= Gowdy Field =

Business park in Columbus, Ohio

Gowdy Field is a former garden, athletic field, landfill, and now business park located in Columbus, Ohio.

The land was originally annexed in 1921. The site is situated on the west side of Olentangy River Road near the Goodale interchange, just west of State Route 315, south of 3rd Avenue and east of the CSX railroad tracks.

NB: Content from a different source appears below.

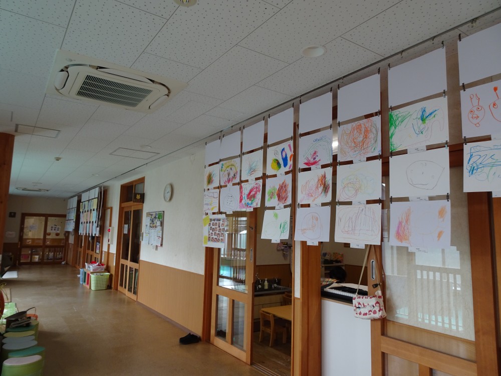 1階、2階の廊下とホール前の通路に 子どもたちの作品が展示されています。 ぜひ登降園時にお子さんと一緒にお楽しみください。

In its time, the field has served as a community garden, baseball fields and city landfill.
In the early 1900s, it served as a model community garden that provided food to approximately 250 poor families before and after the Great Depression.

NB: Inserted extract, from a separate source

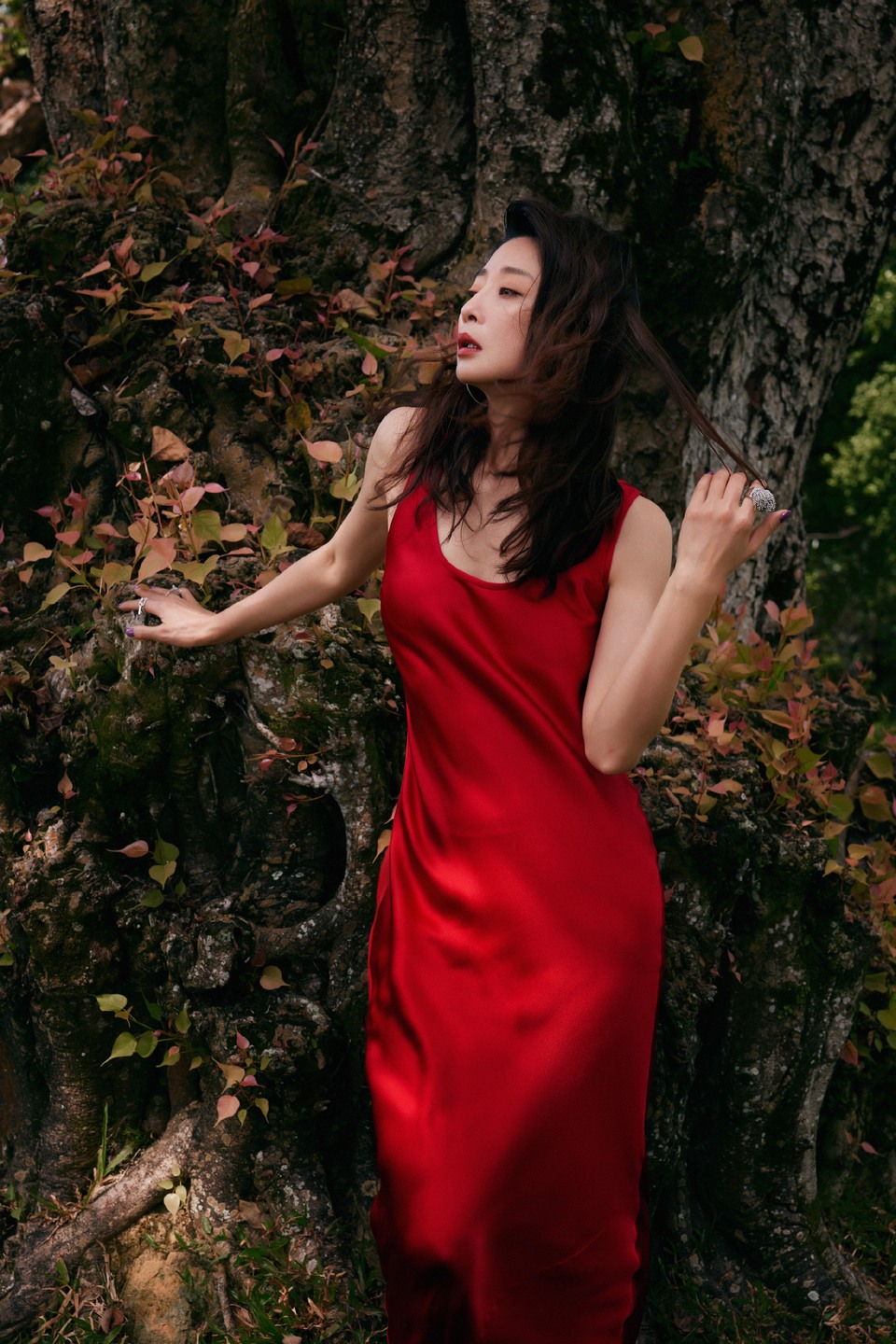 殷桃裙擺輕拂勾勒曼妙曲線(xiàn) 春暉之下綻放永恒玫瑰

From the mid-1940s to the mid-1960s, the site was known as Goodale Field and featured more than 20 baseball diamonds.
On Dec. 15, 1952, Columbus City Council renamed it Gowdy Field after the city's most famous baseball player and war veteran, Hank Gowdy.
On Dec. 15, 1964, Columbus City Council passed a resolution allowing the city's Service Department to use the field as a landfill. It was then filled with construction debris and trash for approximately two decades. It was later covered in dirt and became a
weedlot. Site conditions and pedestrian safety concerns had rendered the land unusable as a recreational field. Therefore, the City determined that the highest and best use for Gowdy Field would be commercial office space. A $20 million office project for Time Warner Cable became the first new office tower on the site followed by the Ohio State's Eye and Ear Institute and then the Stefanie Spielman Comprehensive Breast Center part of the James Cancer Hospital.